The process of analyzing market depth through bid / asks table traditionally was known as tape reading.
Nowadays, tape reading process by itself is not a reliable trading strategy.
You can instead use it as a final check point for deciding on your trade entry point and size.
The top 5 levels of bid and asks seen on your retail trading terminal has no sufficient data for making an informed trade decison.
To fully make use of this process, you need to have access to level 3 data of NSE realtime data which gives you upto 20 levels of bid and asks.
Moreover,
When a large order is placed with a disclosed quantity condition, the order size is not reflected on the market depth table.
With plenty of automated algos, let to roam freely on the exchange servers to buckle up the retail trader, the order data on this table mostly represents dummy orders that are modified or canceled just a microsecond before they are about to get executed, for the fun of trapping the retail traders to buy at high and sell at low.

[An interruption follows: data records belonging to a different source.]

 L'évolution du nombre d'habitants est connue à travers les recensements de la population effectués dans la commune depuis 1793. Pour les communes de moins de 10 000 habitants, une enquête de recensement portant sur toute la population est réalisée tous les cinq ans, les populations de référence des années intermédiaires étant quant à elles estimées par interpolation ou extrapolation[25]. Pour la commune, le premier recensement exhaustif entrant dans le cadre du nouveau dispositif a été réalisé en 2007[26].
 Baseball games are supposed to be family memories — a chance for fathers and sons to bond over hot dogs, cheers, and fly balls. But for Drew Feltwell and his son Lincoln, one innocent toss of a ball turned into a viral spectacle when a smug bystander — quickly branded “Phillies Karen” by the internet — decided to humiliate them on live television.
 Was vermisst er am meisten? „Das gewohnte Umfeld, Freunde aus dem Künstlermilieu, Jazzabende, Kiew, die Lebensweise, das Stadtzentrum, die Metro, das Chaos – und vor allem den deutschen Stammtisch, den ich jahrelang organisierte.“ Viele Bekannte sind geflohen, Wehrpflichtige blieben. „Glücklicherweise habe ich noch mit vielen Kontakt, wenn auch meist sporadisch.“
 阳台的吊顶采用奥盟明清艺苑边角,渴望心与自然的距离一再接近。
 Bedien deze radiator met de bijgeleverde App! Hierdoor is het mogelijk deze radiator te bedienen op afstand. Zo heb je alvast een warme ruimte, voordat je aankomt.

I had a bad experience yesterday (18-Oct-2019) on NSE while trading using market depth information. I was short on ZEEL at 12:10. The market depth information showed 1 crore 50 lakh supply and 15 lakh demand. So, naturally I expected the stock to hit its lower circuit of 238.05. But within 10 seconds, the market depth changed drastically. The supply dropped to 25 lakh within 10 seconds, and the stock started moving up. Within another 30 seconds, the demand increased to 30 lakhs and supply dropped to 16 lakhs. The stock shot up from 240 to 259 in the next 30 minutes without any pull back. I guess someone flooded the system with dummy sell orders between 10:30 to 12:00 noon to get the retail traders to sell lower and lower, and then swooped in at 12:15 to buy up the stock at the lower prices. I don’t think the exchanges have any safeguards against such manipulation. Possibility of manipulation of market depth by big players (fund houses?) is something to be kept in mind if you are using market depth information to make your trading decisions.

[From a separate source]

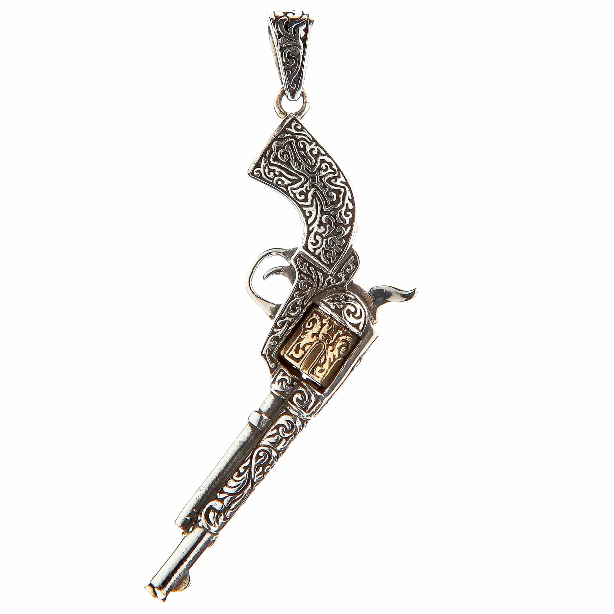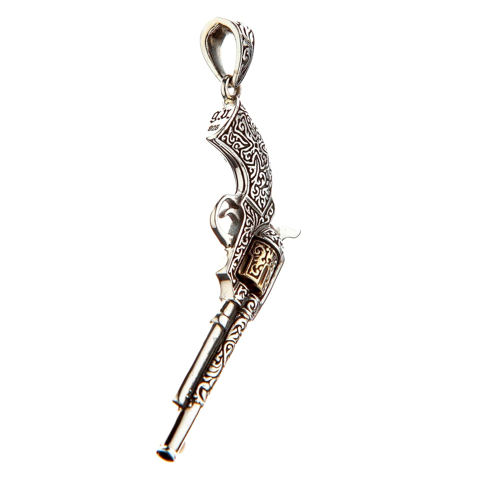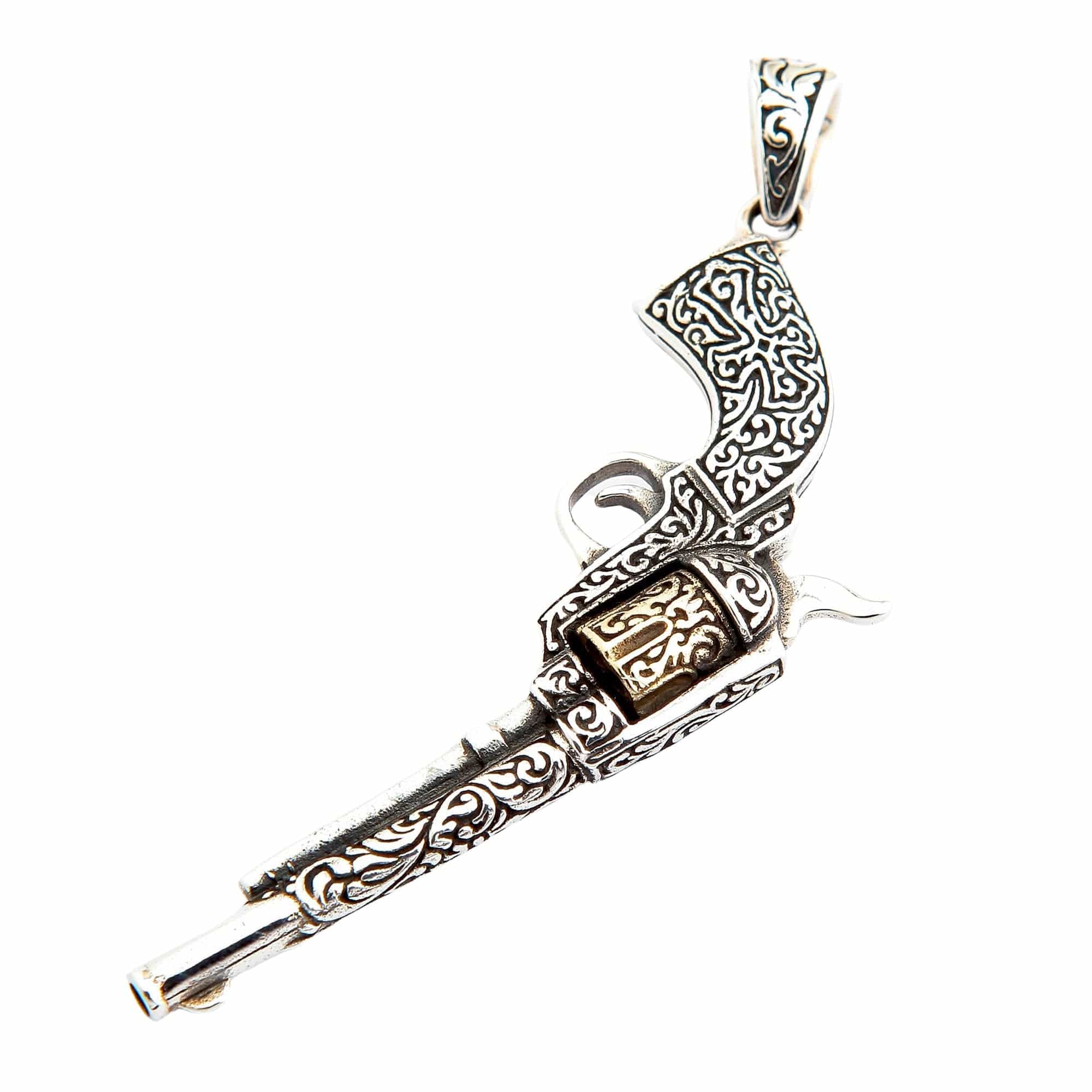 🔫 Vintage Revolver Design: A meticulously detailed pendant shaped like a classic Western gun, covered in intricate scrollwork.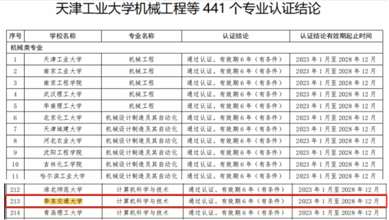 计算机科学与技术专业通过工程教育认证,认证有效期6年(2023年1月至2028年12月)。

You should never trade only based on market depth.
before, in my paper trade time, may be last year, i used to check market depth & trade accordingly. but one day i found totally opposite scenario, just like the above you have mentioned. Sell orders were around 50 lakhs & buy orders are around 12 lakhs but still market was going upwards.
So in my opinion, in intraday trade, let the first market decide where it is heading. up trend or down trend. this you can confirm by Price Action , Support & Resistance level , Multiple time frames, Volumes & market depth etc. then trade accordingly with small quantities.